'Ndrangheta, l'accusa dei pm: "Manna pagò Petrini per ottenere un'assoluzione"
Nuovi guai giudiziari in vista per Marco Petrini, giudice d'Appello di Catanzaro coinvolto nell'inchiesta "Genesi" su un presunto giro di corruzione nel tribunale del capoluogo calabrese. La Procura di Salerno ha infatti chiesto al Giudice per le indagini preliminari di poter ascoltare lo stesso Petrini nell'ambito di un'altra inchiesta di presunta corruzione aggravata dall'aver agevolato la cosca di 'ndrangheta "Lanzino-Patitucci". Con lui finiscono sotto indagine per corruzione in atti giudiziari anche l'avvocato Marcello Manna, peraltro sindaco di Rende, l'avvocato Luigi Gullo e Francesco Patitucci.

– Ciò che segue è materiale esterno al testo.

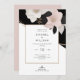 Faire-part de mariage élégante d'inspiration Chanel, avec des fleurs roses rousses et du feuillage sur fond noir spectaculaire. Un mélange de luxe, de sophistication et de romantisme.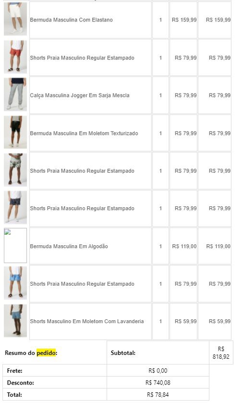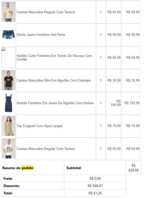 Não ficou bem com um valor baixo no final mas valeu a pena pagar 200 em 4 camisetas, 1 calça e 1 sapatênis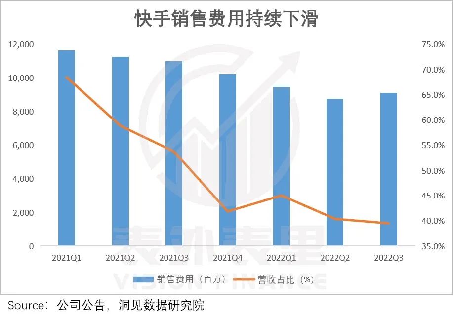 在互联网哀鸿遍野下,快手的毛利率连续两个季度大幅度提升,2022Q3为46.3%,达到上市后最高。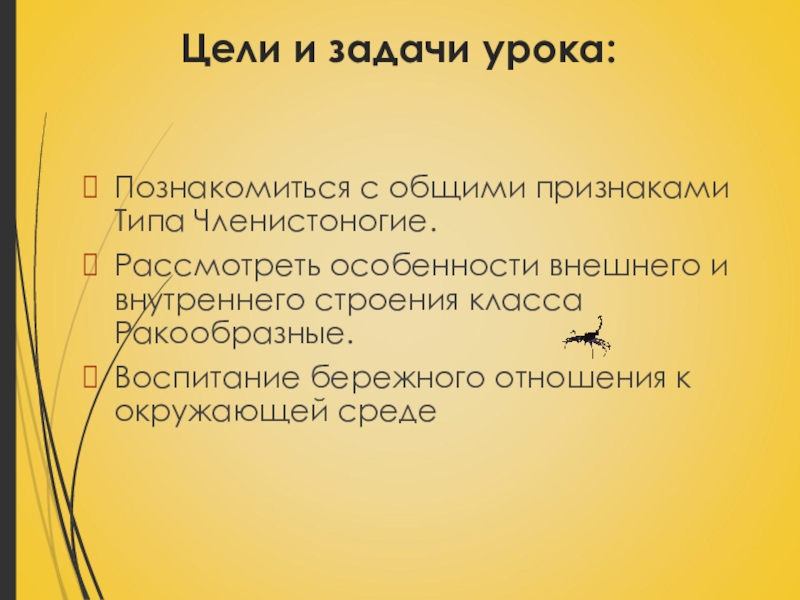 Цели и задачи урока:Познакомиться с общими признаками Типа Членистоногие.Рассмотреть особенности внешнего и внутреннего строения класса Ракообразные.Воспитание бережного
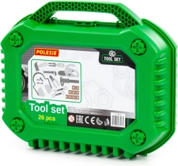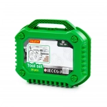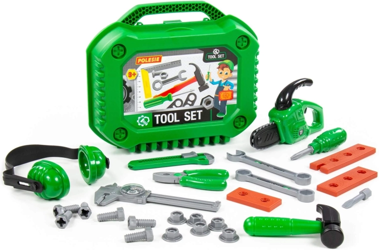 Obsah sady: řetězová pila (1 ks), stavební sluchátka, posuvné měřidlo, stavební nůž, kleště, kladivo, šroubovák s vyměnitelnými nástavci, otevřený klíč, stranový klíč, šrouby (6 ks), matice (6 ks), spojovací destičky a kufřík na nářadí.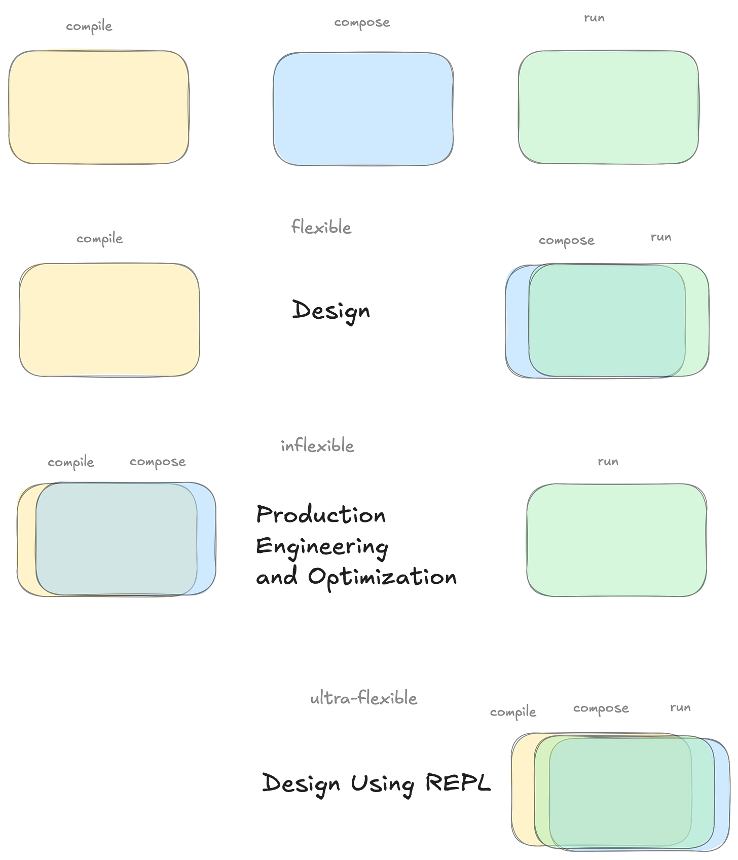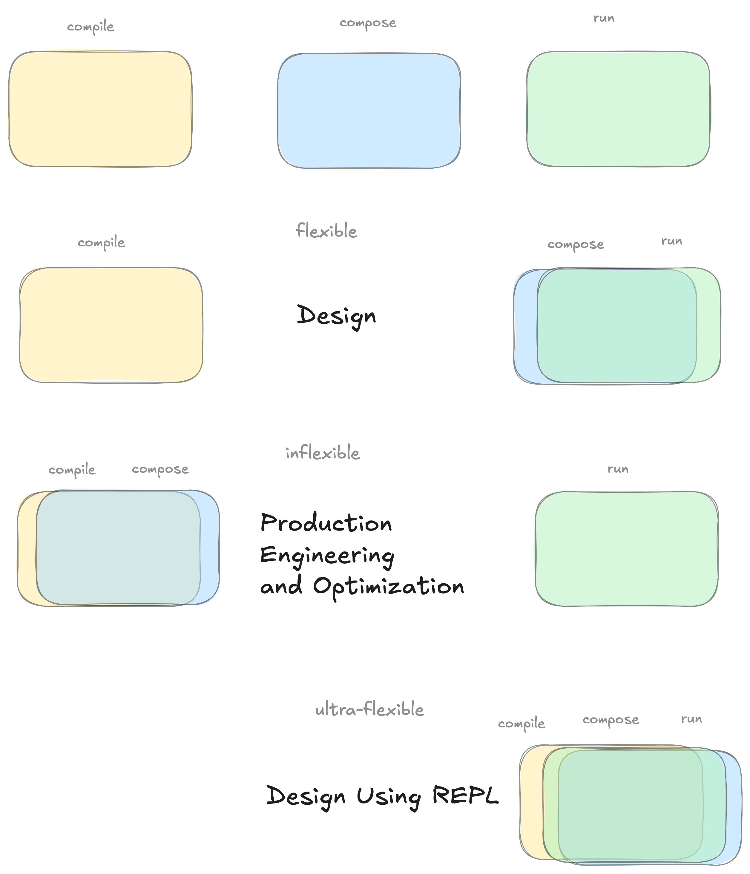 Perform compilation, composition and execution on-the-fly, resulting in an iterative, REPL workflow.

Secondo gli investigatori Petrini sarebbe stato corrotto dagli avvocati Manna e Gullo per far assolvere Patitucci in un processo. Secondo l'ipotesi accusatoria il giudice d'Appello avrebbe ricevuto, in un primo momento, 2500 euro di acconto, a cui poi se ne sarebbero aggiunti altri 10mila di cui la metà versati a titolo di "saldo" nel dicembre 2019, quando Patitucci è stato effettivamente assolto dal giudice nonostante in primo grado fosse stato condannato a 30 anni di reclusione per omicidio.